§ **WORK INSTRUCTION**
Beneath this instruction is a listing. Transcribe from it only the stretch from the line with "tandas Iptu Nurdin." through the line with "Once I got there", both end lines included, exactly as written.

§ **STUDY MATERIAL**
____

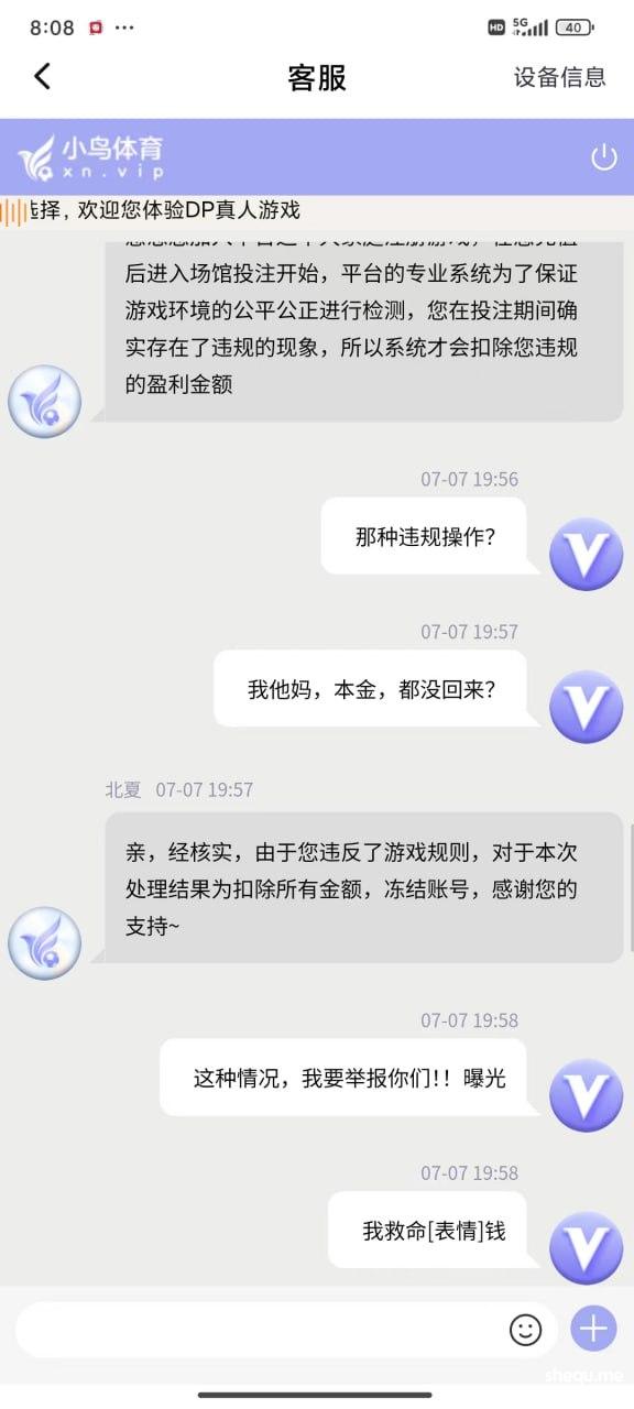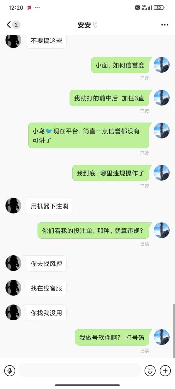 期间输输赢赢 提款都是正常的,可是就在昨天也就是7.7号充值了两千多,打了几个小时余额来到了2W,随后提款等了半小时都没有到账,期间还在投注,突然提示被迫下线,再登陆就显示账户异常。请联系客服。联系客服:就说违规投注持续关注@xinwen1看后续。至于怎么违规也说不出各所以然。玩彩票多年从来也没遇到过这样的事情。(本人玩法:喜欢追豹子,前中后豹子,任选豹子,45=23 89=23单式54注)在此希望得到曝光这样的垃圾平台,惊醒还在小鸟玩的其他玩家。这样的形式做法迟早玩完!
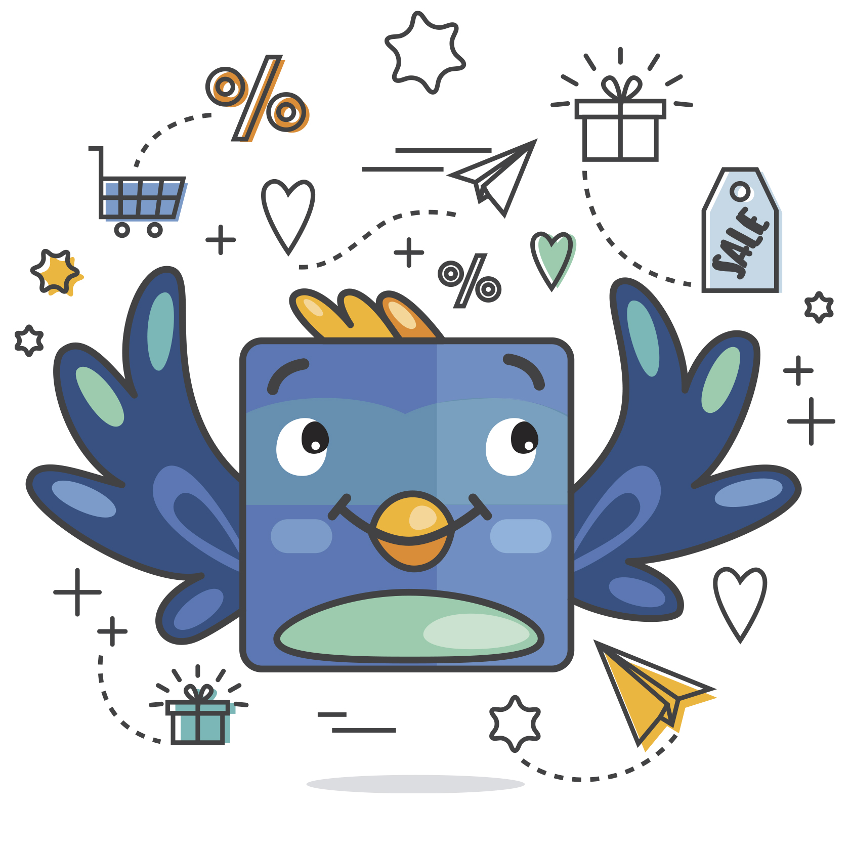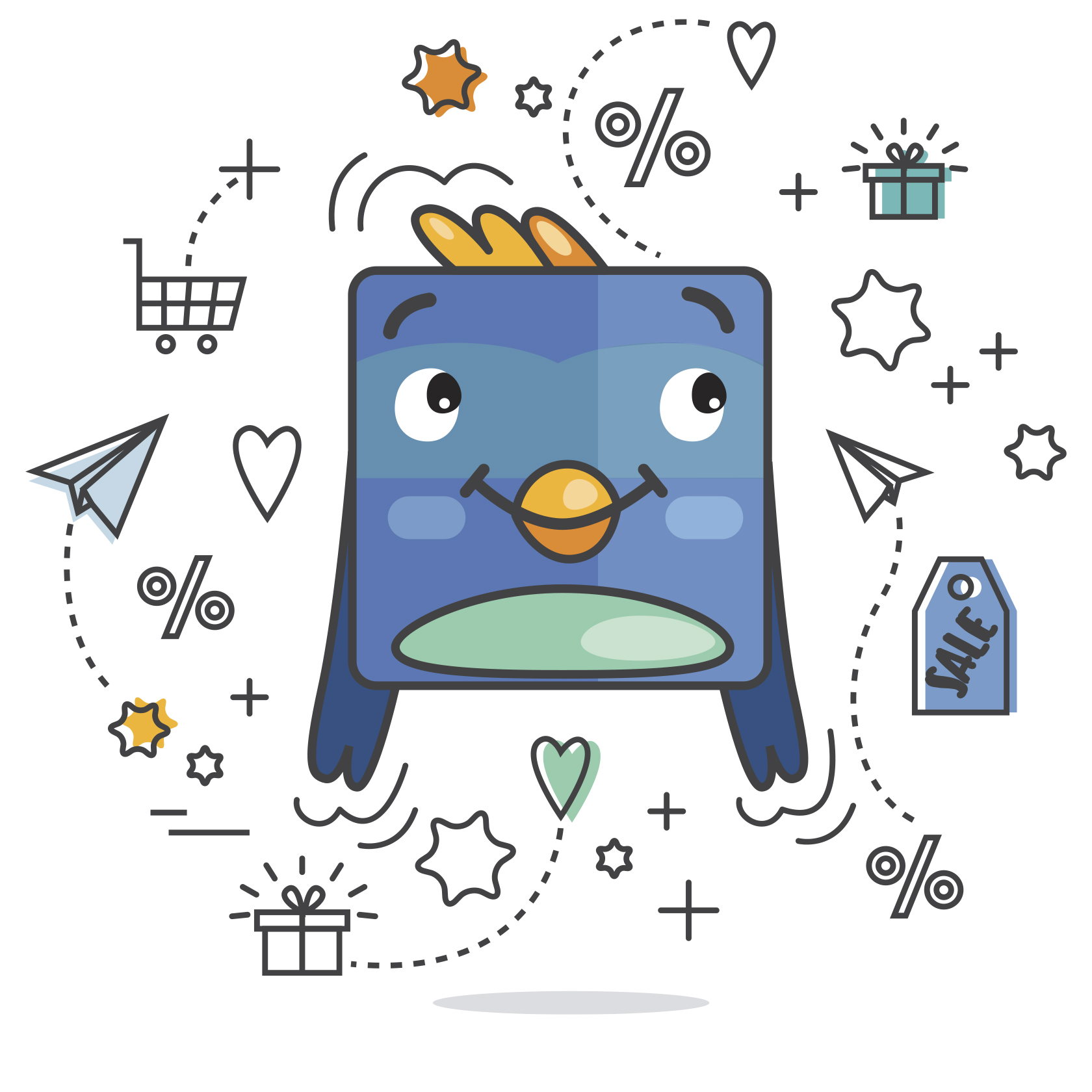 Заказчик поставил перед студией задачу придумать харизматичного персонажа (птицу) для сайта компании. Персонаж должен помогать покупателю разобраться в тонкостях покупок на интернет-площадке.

____

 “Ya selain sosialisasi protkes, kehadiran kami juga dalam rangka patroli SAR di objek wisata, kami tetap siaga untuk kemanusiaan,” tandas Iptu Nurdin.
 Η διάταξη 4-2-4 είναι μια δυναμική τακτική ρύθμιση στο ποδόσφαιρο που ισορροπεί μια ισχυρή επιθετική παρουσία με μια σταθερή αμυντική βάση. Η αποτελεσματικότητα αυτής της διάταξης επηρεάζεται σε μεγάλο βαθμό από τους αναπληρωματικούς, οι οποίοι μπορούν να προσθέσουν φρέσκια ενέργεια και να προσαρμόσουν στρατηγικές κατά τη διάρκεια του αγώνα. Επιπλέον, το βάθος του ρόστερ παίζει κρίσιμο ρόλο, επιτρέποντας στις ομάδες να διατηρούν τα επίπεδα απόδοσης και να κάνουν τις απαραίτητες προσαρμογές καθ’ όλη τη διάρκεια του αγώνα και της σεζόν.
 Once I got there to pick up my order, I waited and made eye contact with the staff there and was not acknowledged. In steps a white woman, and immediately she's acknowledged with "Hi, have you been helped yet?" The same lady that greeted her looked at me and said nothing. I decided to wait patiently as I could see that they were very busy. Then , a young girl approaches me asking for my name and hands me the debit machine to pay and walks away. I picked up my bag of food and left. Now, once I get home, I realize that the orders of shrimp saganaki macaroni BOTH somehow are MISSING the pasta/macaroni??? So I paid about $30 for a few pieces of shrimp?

____

§ **COMPLETED TASK**
 “Ya selain sosialisasi protkes, kehadiran kami juga dalam rangka patroli SAR di objek wisata, kami tetap siaga untuk kemanusiaan,” tandas Iptu Nurdin.
 Η διάταξη 4-2-4 είναι μια δυναμική τακτική ρύθμιση στο ποδόσφαιρο που ισορροπεί μια ισχυρή επιθετική παρουσία με μια σταθερή αμυντική βάση. Η αποτελεσματικότητα αυτής της διάταξης επηρεάζεται σε μεγάλο βαθμό από τους αναπληρωματικούς, οι οποίοι μπορούν να προσθέσουν φρέσκια ενέργεια και να προσαρμόσουν στρατηγικές κατά τη διάρκεια του αγώνα. Επιπλέον, το βάθος του ρόστερ παίζει κρίσιμο ρόλο, επιτρέποντας στις ομάδες να διατηρούν τα επίπεδα απόδοσης και να κάνουν τις απαραίτητες προσαρμογές καθ’ όλη τη διάρκεια του αγώνα και της σεζόν.
 Once I got there to pick up my order, I waited and made eye contact with the staff there and was not acknowledged. In steps a white woman, and immediately she's acknowledged with "Hi, have you been helped yet?" The same lady that greeted her looked at me and said nothing. I decided to wait patiently as I could see that they were very busy. Then , a young girl approaches me asking for my name and hands me the debit machine to pay and walks away. I picked up my bag of food and left. Now, once I get home, I realize that the orders of shrimp saganaki macaroni BOTH somehow are MISSING the pasta/macaroni??? So I paid about $30 for a few pieces of shrimp?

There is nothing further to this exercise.